VENEZIA 63: HEIMAT FRAGMENTE
Quasi 25 anni dopo la sua genesi, il grande libro di Heimat, al pari di una sorta di bibbia della storia del novecento tedesco, sembra vedere la sua fine. E come nella migliore tradizione bibliografica il suo cammino si conclude con un’appendice, un vero e proprio compendio destinato agli studiosi, agli esegeti, ai filologi di Reitz e della seconda parte della sua produzione. Che il regista tedesco abbia a suo attivo una ventina di altri titoli, infatti, poco importa: alla storia passerà come l’autore di decine e decine di ore dedicate al più grande affresco storico mai raccontato in una delle più felici contaminazioni tra cinema e letteratura (soprattutto pensando al connubio con Peter Steinbach, meno felice è risultato invece quello con Thomas Brussig in Heimat 3). Archiviato il progetto di una quarta parte, dedicata ai tragici avvenimenti dell’undici settembre attraverso lo sguardo dei suoi personaggi, il 73enne regista durante l’allestimento dell’archivio sulla sua Mammutwerk, come la chiama la stampa tedesca a sottolinearne le proporzioni monumentali e forse anche l’appartenere a qualcosa di regale ma irrimediabilmente destinato a scomparire, ha scoperto altre ore di materiale inutilizzato costituito da centinaia di frammenti, e ha deciso di ricomporlo, dedicandolo alle donne della sua Heimat, da cui sentiva il bisogno di congedarsi in maniera cinematografica. Il sottotitolo recita infatti proprio Die Frauen, introdotte ognuna da una definizione che segna quasi un capitoletto, ma non sono ovviamente solo loro le protagoniste, quanto piuttosto il filo conduttore. A cominciare da Lulu, sul cui sguardo disperato e colmo di lacrime rivolto verso il futuro incerto che il nuovo millennio sembra riservare alla generazione dei trentenni si chiudeva l’ultimo capitolo della trilogia. Lulu, interpretata dall’attrice Nicola Schösser, interpreta qui il ruolo dell’ “archeologa del futuro”, la depositaria della memoria collettiva della sua famiglia, e al contempo colei a cui spetta il compito di inserire le esperienze dei suoi progenitori in un più preciso bilancio storico ed esistenziale, al fine di liberarsi dell’ingombrante passato non solo della famiglia Simon ma di tutta la Germania. Solo così Lulu, e tutta la quarta generazione, figlia del ’68 e dei suoi errori, tenuta al riparo dalla possibilità di intervenire in maniera attiva per cambiare il corso delle cose, può impossessarsi del futuro.

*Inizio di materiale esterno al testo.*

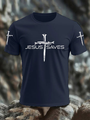 Men's Faith Jesus Saves Print Casual T-Shirt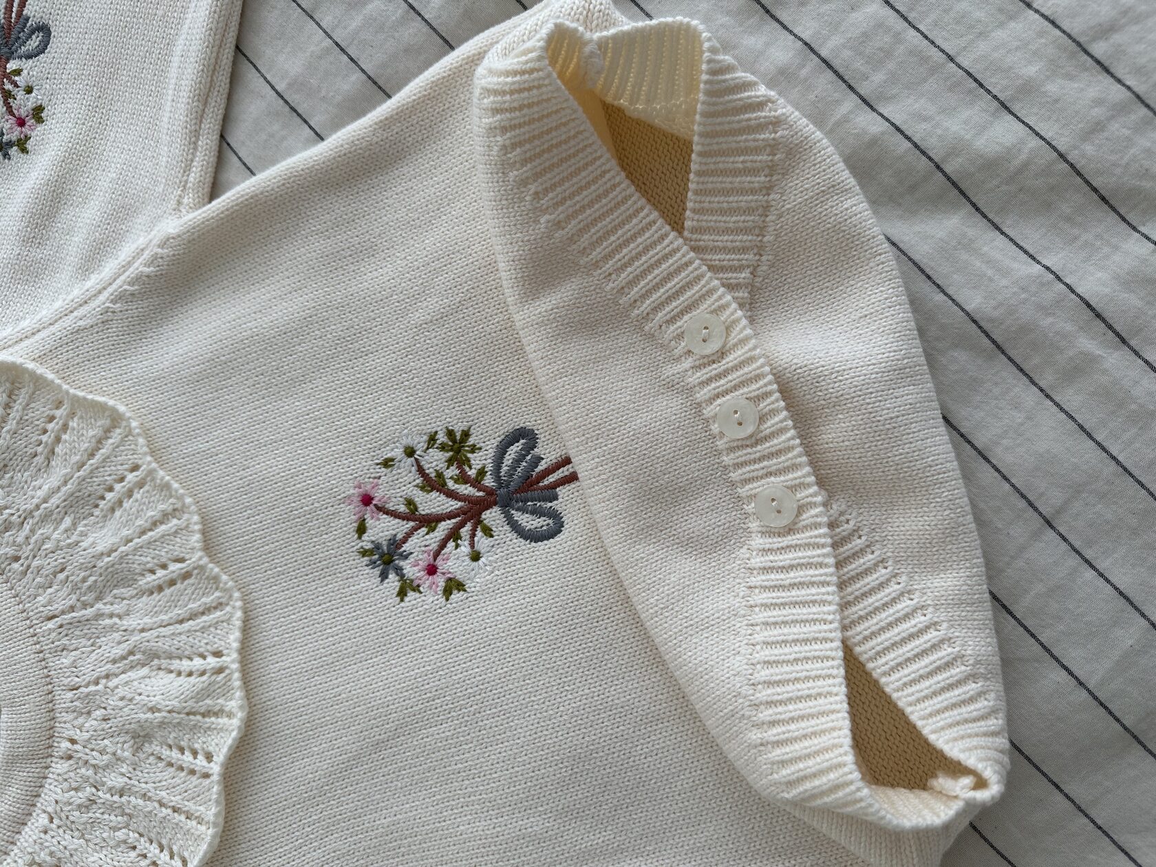 Вязаный кардиган с вышивкой. Мягкая натуральная пряжа бережно согревает и не раздражает кожу. Кардиган на пуговицах легко надевается и снимается, подходит для прогулок, детского сада и семейных праздников. Ручная работа гарантирует качество и долговечность вещи.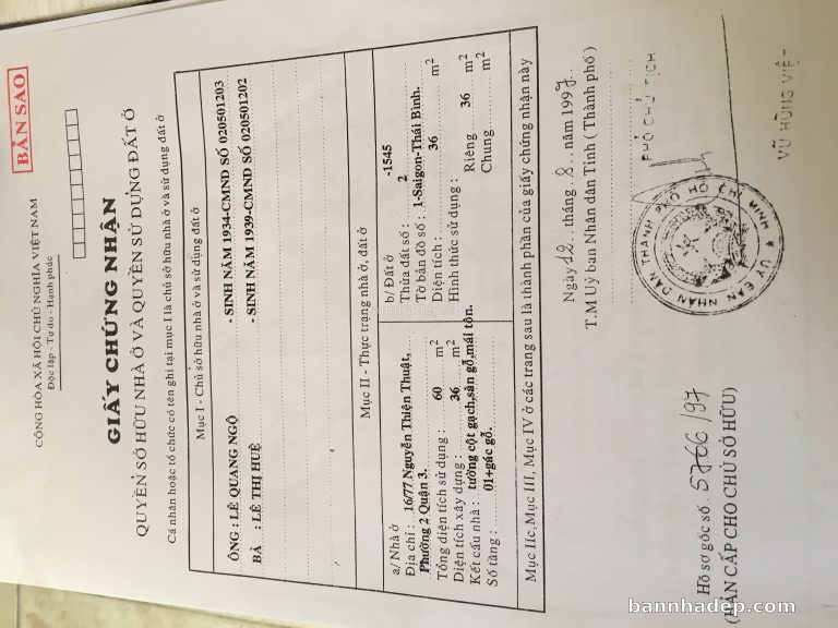 Bán nhà 16/77 Nguyễn Thiện Thuật phường 02 quận 3
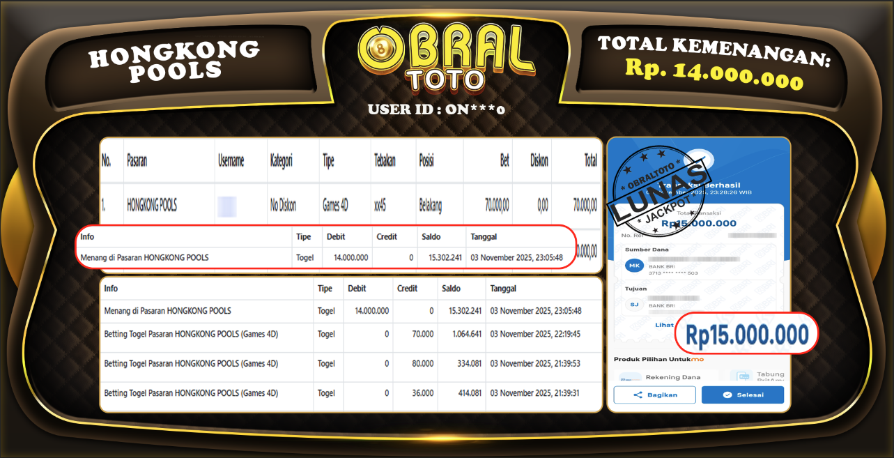 Kami merayakan selamat kepada salah satu pemain setia situs OBRALTOTO yang berhasil meraih kemenangan besar senilai Rp,14.000.000 dalam permainan HONGKONG POOLS pada tanggal 04 November 2025. Kemenangan ini telah kami proses dan pemahaman secara LUNAS ke rekening yang terdaftar. Semoga kemenangan ini menjadi motivasi bagi pemain lainnya untuk terus mencoba keberuntungan dan menikmati permainan di OBRALTOTO .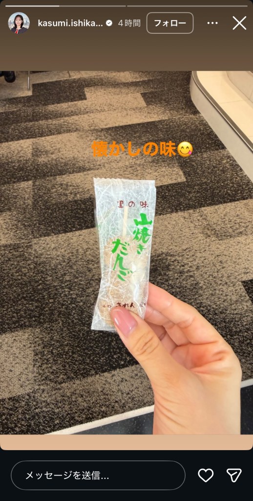 「懐かしの味」と投稿されたのは、「山焼きだんご」と書かれた個包装の団子を持った石川の手元の写真。「山焼きだんご」は山口県山口市のきれん製菓が販売する銘菓で、山口県出身の石川も懐かしさを覚えたようだ。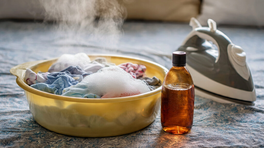 • Dans une bassine, mélangez de l’eau tiède avec de la lessive ET un désinfectant liquide (type Dettol ou quelques gouttes d’eau de Javel si le vêtement est blanc/grand teint).

Armata di pala e di trapano, Lulu torna sui luoghi di tutti gli episodi della trilogia, scavando quindi non solo metaforicamente nel passato, e fungendo da tramite per il mosaico dei frammenti, dedicati per la maggior parte a Die zweite Heimat. Senza curarsi più di tanto di seguire un ordine cronologico, Reitz ci riporta al “dietro le quinte” della sua opera, con alterne fortune: se talvolta si assiste a vere e proprie perle, come il ritorno a casa di Eveline o altre brevi sequenze che rifiniscono più compiutamente i personaggi nella seconda parte della trilogia, in altri casi appare invece giustificata la decisione di eliminarle dalla struttura originale in quanto decisamente superflue.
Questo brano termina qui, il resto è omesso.